=== Directions for this task ===
Whatever pictures appear, omit them, and repeat the data below exactly.

=== Given material ===
☆ ☆ ☆ ☆ ☆

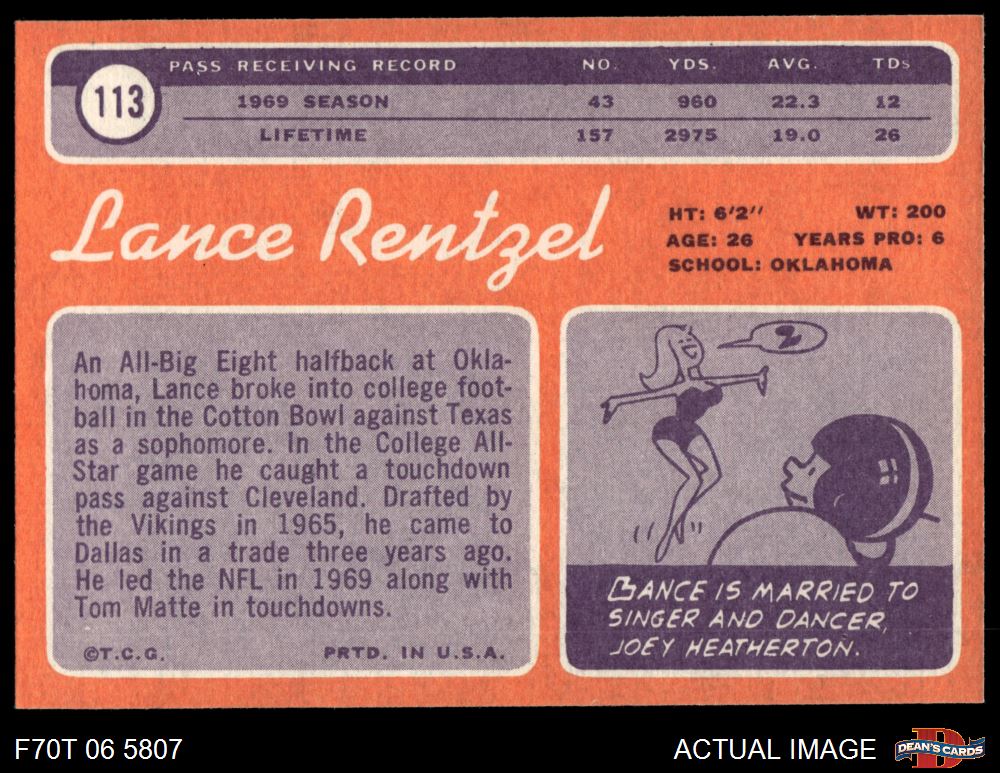 1970 Topps #113 RED Lance Rentzel 8 - NM/MT
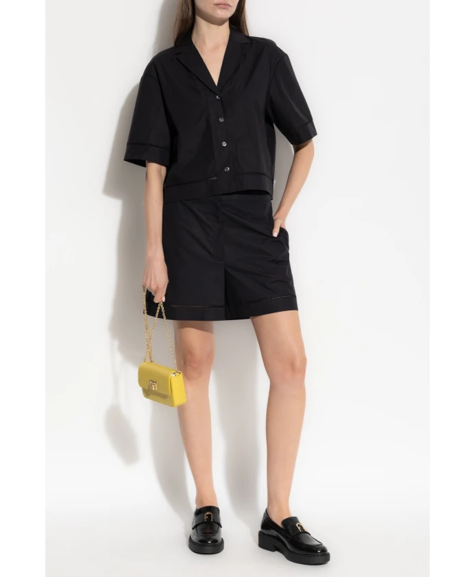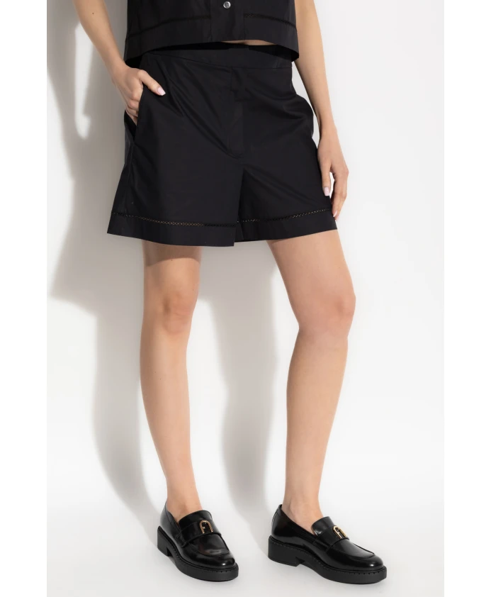 В этих черных шортах с высокой талией от Theory сочетаются шик и вневременная элегантность. Классический силуэт, слегка расклешенный по низу, излучает утонченную изысканность и комфорт, отвечая ожиданиям ценителей роскошной моды. Гладкая ткань из тончайшего хлопка с добавлением эластичных волокон обеспечивает удобство ношения и идеальную посадку. Шорты чисто черного цвета, без лишних украшений. Их минималистичный характер подчеркивается лишь тонкой кружевной отделкой внизу штанин, а также двумя практичными передними карманами и классическими задними карманами. Это воплощение современной роскоши, безошибочное выражение утонченной элегантности. ПОЧЕМУ ЭТОТ ТОВАР СТОИТ КУПИТЬ? * Изысканный, вневременной крой с завышенной талией * Эксклюзивные материалы, гарантирующие комфорт и долговечность * Уникальные кружевные детали по краям штанин * Универсальность и функциональность благодаря четырем карманам * Безупречное качество изготовления, отмеченное известным брендом Theory Параметры модели Рост: 177 см Обхват груди: 83 см Обхват талии: 61 см Обхват бедер: 89 см Модель носит размер: 4
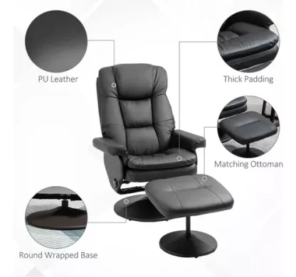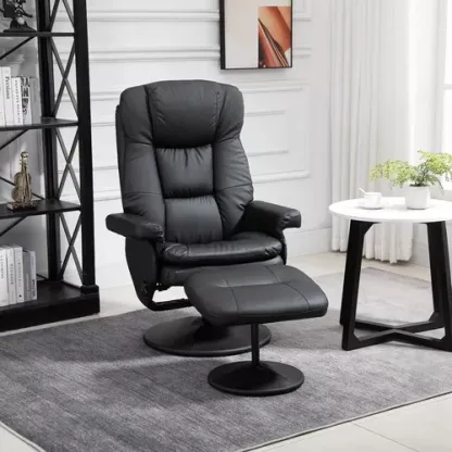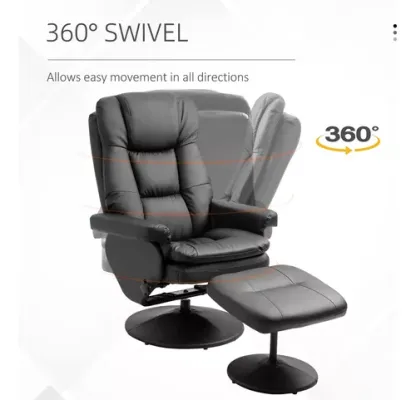 Sillón reclinable giratorio con otomana, silla reclinable de piel sintética con otomana, reclinable tapizado y reposapiés con base envuelta para sala de estar, dormitorio y oficina en casa,

☆ ☆ ☆ ☆ ☆

=== Output ===
 1970 Topps #113 RED Lance Rentzel 8 - NM/MT
 В этих черных шортах с высокой талией от Theory сочетаются шик и вневременная элегантность. Классический силуэт, слегка расклешенный по низу, излучает утонченную изысканность и комфорт, отвечая ожиданиям ценителей роскошной моды. Гладкая ткань из тончайшего хлопка с добавлением эластичных волокон обеспечивает удобство ношения и идеальную посадку. Шорты чисто черного цвета, без лишних украшений. Их минималистичный характер подчеркивается лишь тонкой кружевной отделкой внизу штанин, а также двумя практичными передними карманами и классическими задними карманами. Это воплощение современной роскоши, безошибочное выражение утонченной элегантности. ПОЧЕМУ ЭТОТ ТОВАР СТОИТ КУПИТЬ? * Изысканный, вневременной крой с завышенной талией * Эксклюзивные материалы, гарантирующие комфорт и долговечность * Уникальные кружевные детали по краям штанин * Универсальность и функциональность благодаря четырем карманам * Безупречное качество изготовления, отмеченное известным брендом Theory Параметры модели Рост: 177 см Обхват груди: 83 см Обхват талии: 61 см Обхват бедер: 89 см Модель носит размер: 4
 Sillón reclinable giratorio con otomana, silla reclinable de piel sintética con otomana, reclinable tapizado y reposapiés con base envuelta para sala de estar, dormitorio y oficina en casa,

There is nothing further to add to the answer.